Ce n’est qu’au prix de grands efforts que cette expérience a pu être étendue à l’euphonium. D’excellents musiciens ont contribué à élaborer les plans d’un euphonium à 4 pistons, manipulables de la seule main droite, la main gauche restant à disposition pour la coulisse d’accord désormais connue. Trois problèmes posés par l’euphonium s’en trouvent de ce fait atténués ou écartés: la construction des 4 pistons compensés, respectant l’anatomie, améliore sensiblement la tenue et le confort pendant le jeu. Le 4e piston peut maintenant être actionné d’une seule main de façon plus précise et plus facile que lorsqu’il était placé de côté et demandait l’usage des 2 mains. Il faut s’y habituer au premier abord, mais les avantages apparaissent rapidement. Ce nouveau modèle libère la main gauche pour la coulisse d’accord. Quand le 4e piston était placé de côté, le souffleur devait entourer l’instrument du bras pour l’atteindre. À présent, les corrections d’accord dans le jeu d’ensemble sont possibles sans effort, et nous pouvons affirmer que grâce à cette tenue de l’instrument, la pression sur les lèvres s’en trouve sensiblement allégée. La nécessité souvent gênante de vidanger la condensation des chapeaux n’existe plus sur cet instrument, et malgré les nombreuses courbes de compensation, on peut évacuer l’eau proprement, par une clé appropriée.

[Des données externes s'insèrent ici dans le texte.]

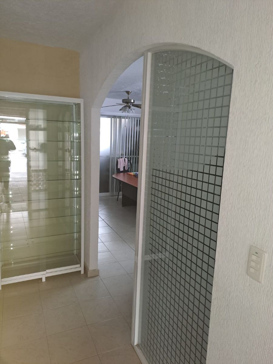 Ground floor, half bathroom, office (can be removed to leave ample space), living-dining room, the patio extension is covered, integral kitchen, the house has air conditioning installed to perfectly acclimate the house, fans, parking for two cars, the first level has 3 expanded bedrooms, each with a closet, the master bedroom has a full bathroom, another full bathroom shared with the other bedrooms, they have bathtubs, which can be removed and only have a shower, protections on the stairs, and on the third level there is an apartment that also has air conditioning, integral kitchen, a breakfast nook, and a spacious room with a closet.Planta baja ,medio baño, oficina (se puede quitar y dejar espacio amplio), sala comedor, extensión del patio se encuentra techado,cocina integral,la casa cuenta con aire acondicionado instalado para aclimatar perfectamente la casa, ventiladores,estacionamiento para dos autos,primer nivel cuenta con 3 recamaras ampliadas, cada una cuenta cuenta con closet, la recamara principal cuenta con baño completo, otro baño completo que se comparte con las otras recamaras, tienen bañeras ,que se pueden quitar y quedar solo en regadera,protecciones en escalera, y en tercer nivel esta un departamento que cuenta también con clima,cocina integral, un desayunador, amplio cuarto con closet.

Le nouvel euphonium de «Willson» couvre 4 octaves, tous les sons sortent nets et parfaitement justes, et en ce qui concerne les pédales profondes, les corrections légères se font sans effort. En ce qui concerne le pavillon, il se trouve, pour l’euphonium comme pour les tubas de ce type, tout comme pour les instruments à cylindres, sur le côté gauche du point de vue du musicien. Nous sommes convaincus qu’une section de plusieurs instruments de ce même type est à recommander, du fait de leur rayonnement dans la même direction.

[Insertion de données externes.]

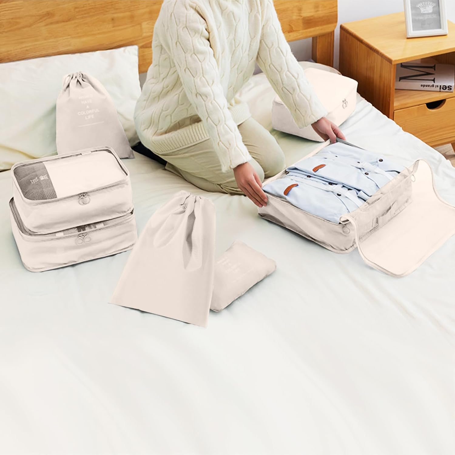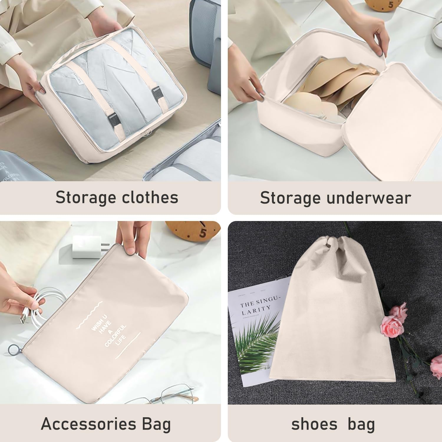9 Pcs Journey Packing Organisers Set: embody 3 journey packing cubes with see by mesh, 1 non-public cubes for bras and underwear, 2 footwear bag, 2 drawstring soiled bag, 1 flat pockets for socks, digital equipment or keys. The journey organizer retains your garments, footwear, toothbrushes, toiletries, soiled garments and extra neat and arranged, in order that your suitcase house may be totally utilized for all of your journey wants.

Une fois de plus, la collaboration entre des musiciens confirmés et une entreprise orientée vers les nouvelles techniques contemporaines a permis d’améliorer sensiblement les instruments. Nous espérons que les souffleurs plus conservateurs prendront eux aussi cette orientation nouvelle.
Willy Kurath
Né en 1929. Étudie la musique dès l’âge de 12 ans. À 15 ans, entre en apprentissage chez son oncle, Ernst Giger, facteur d’instruments à Winterthur. Crée un atelier de réparation pour instruments à vent. 1954: reconstruction et agrandissement de l’atelier. 1970: reconstruction de l’actuelle fabrique d’instruments de musique «Willson», à Flums. Contacts directs avec des musiciens confirmés aux USA, Canada, Allemagne, Belgique, Hollande. Depuis plusieurs années, tubiste dans divers orchestres, et actif dans le Brass Band Graubünden.